What Does the Average Stoner Look Like?
We’ve been sold the idea of the average stoner being a unmotivated, semen covered loser who still lives in his mother’s basement. Or, the dimwitted chick that spaces out over everything. The Stoner stereotype is also typically aged between sixteen and twenty-five, echoing that it’s a “youthful endeavor”.
However, this image that we have of a stoner is absolutely wrong. In fact, most “stoners” today would like to distance themselves from that idea of a cannabis consumer.
Today, the average stoner is nothing like you would imagine. A recent survey from Miner & Co found after interviewing 800 cannabis consumers from the age 21 – 55, that the actual image of a stoner is much different than you would imagine.
The Modern Stoner Profile Revealed!
Miner & Co compiled the data and came out with the following consumer report.
- On Average a Stoner is 35 Years Old
- 86% of them all Employed Full Time
- 77% of them make more than $ 75k
- Half Consumes for both Medical and Recreational Purposes
- 94% of Consumers smoke weed at least once a week
- 36% of them smoke daily
- 9 in 10 professionals described themselves as Active, Passionate, Open-Minded, Present, Engaged, Relaxed
As you can see, the image of stoner is radically different as portrayed by anti-cannabis campaigns. Furthermore, most of these “stoners” believe that perpetuating the negative stereotype instilled by government propaganda is currently stifling the legalization process.
Additionally, 4 in 5 stoners are more likely to watch a show that positively portrays cannabis. Shows like Disjointed doesn’t mesh well with the average stoner. 72% of the sample group claimed that too many TV shows portray stoners as silly and forgetful.
76% said that cannabis should be portrayed in the similar fashion as having a cocktail, drinking beer or wine. This is because 7 in 10 stoners found that a positive portrayal in a TV show about cannabis allowed them to be more comfortable discussing their own experiences with cannabis.
Finally, 85% of stoners believe that shows should speak out against cannabis prosecution since 72% of them say cannabis on TV influences legislation.
This doesn’t seem like the typical stoner we are used to seeing on TV. This sounds to me like straight-thinking, hardworking individuals that just so happen to use cannabis as a method of medication or relaxation.

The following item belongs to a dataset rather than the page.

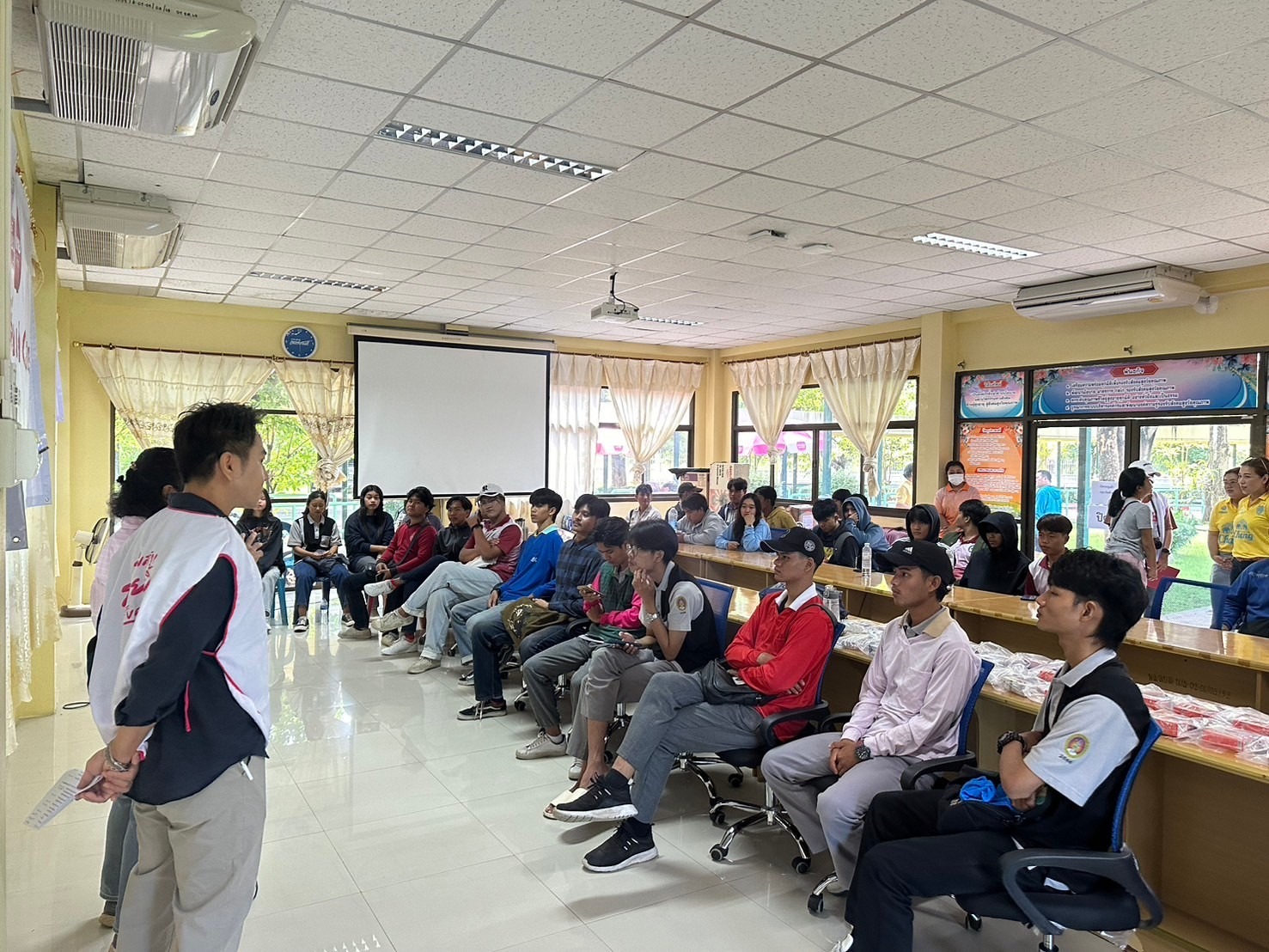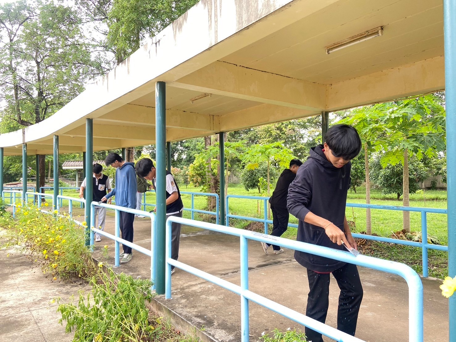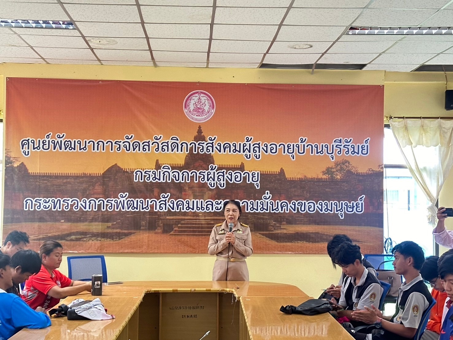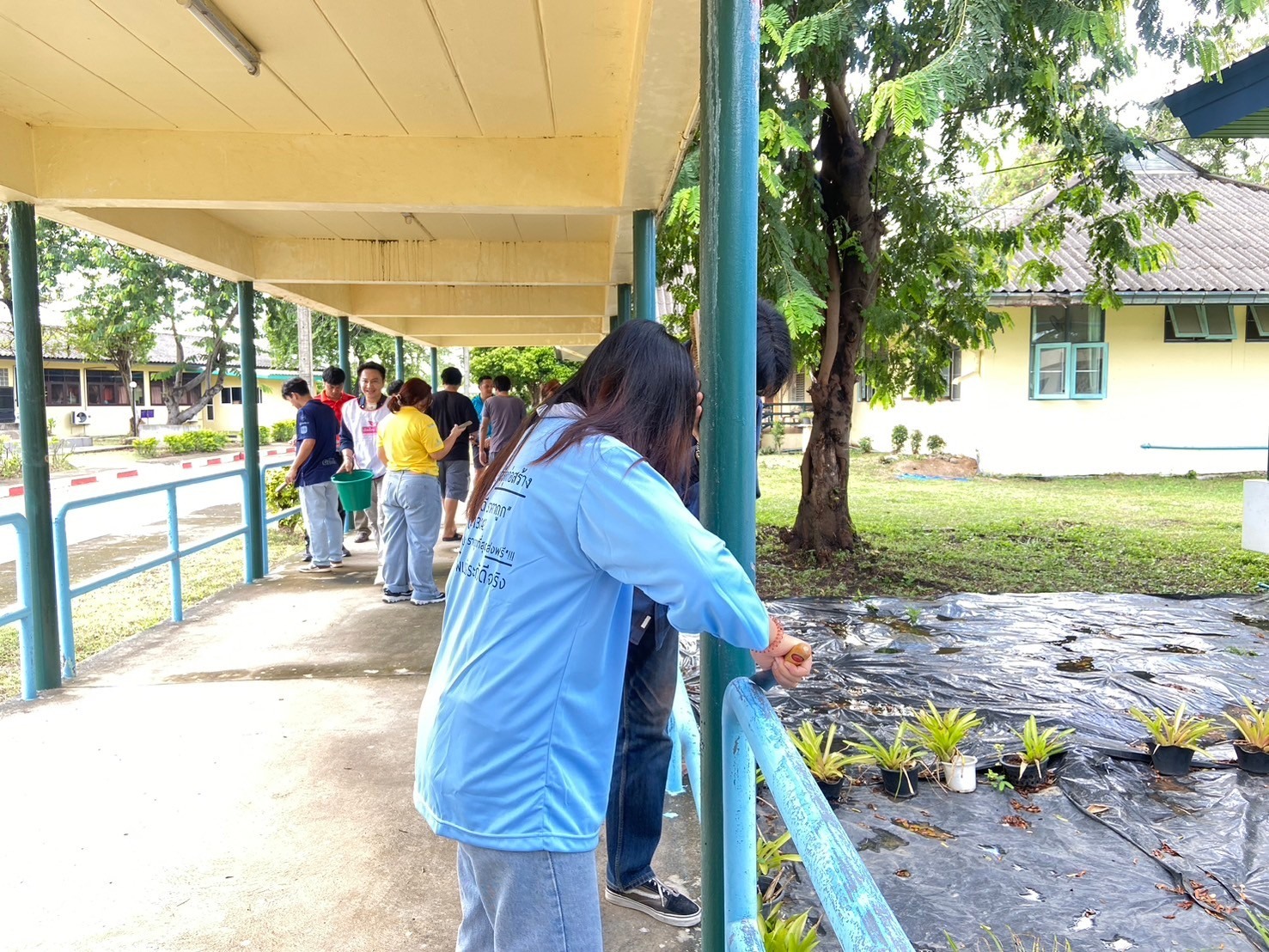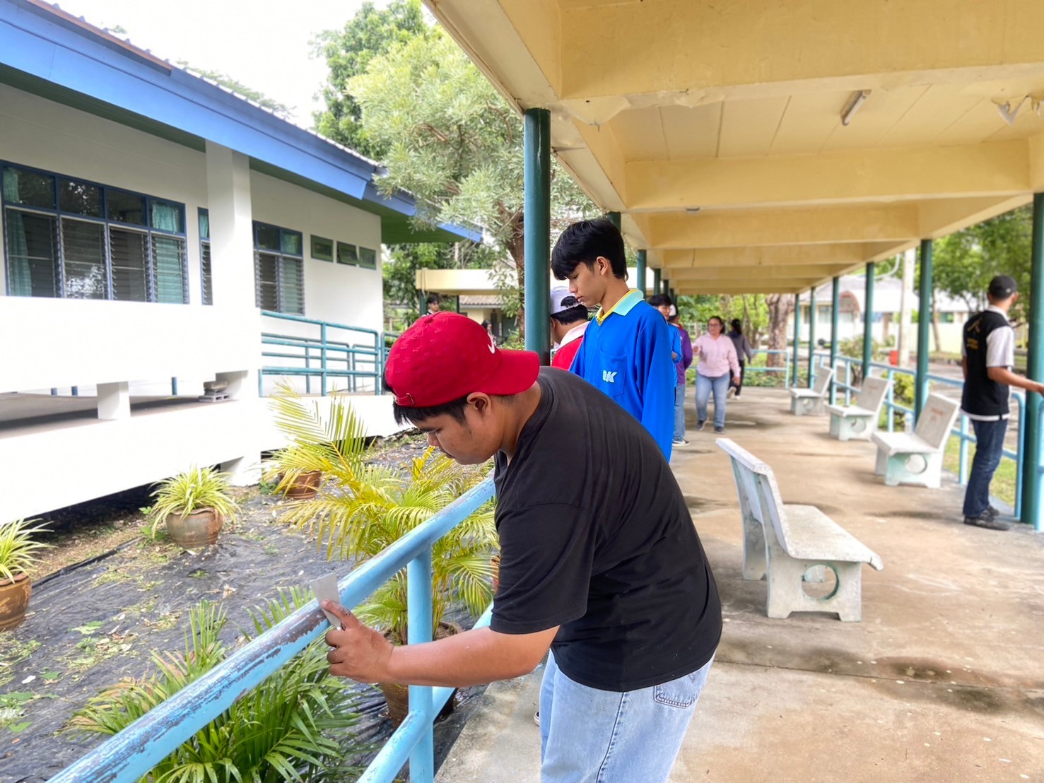 โครงการ Give and Care พลังจิตอาสาสร้างรอยยิ้ม ศพส.บ้านบุรีรัมย์ ร่วมกับ มูลนิธิเมืองไทยยิ้ม บริษัทเมืองไทยประกันชีวิต จำกัด (มหาชน) และทีมจิตอาสานักศึกษามหาวิทยาลัยราชภัฏบุรีรัมย์ ร่วมกันขัดสี ทาสีราวจับ ทางเดิน เพื่อความปลอดภัยของผู้สูงอายุ

Why it’s necessary to redefine the Stoner
I know some of you are sitting there saying, “Stoner is a negative word!” Well, stoner simply refers to someone who is smoking weed. The connotation surrounding the negative stereotype has simply been engrained into the subconscious of the world.
Reclaiming the word for stonerkind everywhere is important. Stoner is a word that despite the media’s negative portrayal, helped form the subgroup of cannabis consumers who weren’t afraid to be open about their cannabis use.
These are the same people that are 35 years old, have steady jobs and are generally satisfied with their life choices.
It’s okay to be a stoner. I’m a stoner. A person who smokes cannabis. I’m also a person who created my own source of income, am not dependent to any company or boss and control my own schedule. I could sell all my shit today, reduce my belongings to a backpack and travel the world and would still be able to generate income as long as I have a connection to the internet.
Hell, even taking me off the grid won’t stop me. Stoners are resourceful. Cannabis is simply something they choose to consume.
Of course, you’ve got stereotypical stoners in the world. They do exist. But the majority of us are hardworking individuals, taxpayers and parents. We’re doctors and teachers, lawyers and creatives. We help make the music you enjoy and write the scripts to the movies you love. We are the computer engineers that put up your firewalls and the Chefs that delight your pallet.
It’s important to make these positive connections to the word: Stoner. To reclaim it from the clutches of prohibition.
For those ready to wear the mantle of stoner, to come out of their cannabis closet…we welcome you. There are millions of us and as the data suggests…we’re doing well. In fact, in Colorado and California they found that those who smoked weed tended to keep their jobs longer than those who don’t. Of course, statistics are not facts but merely indicators, it still shows us that cannabis consumers are not what we were made out to be.
To be a stoner is to be proud of who you are. To remove the shame from your consumption habits and engaging the world head on. Whether people might judge you or not is their problem, as long as your life satisfaction is pristine…you keep on toking you stoner!
Finally, being called stoner is no longer a “bad thing.”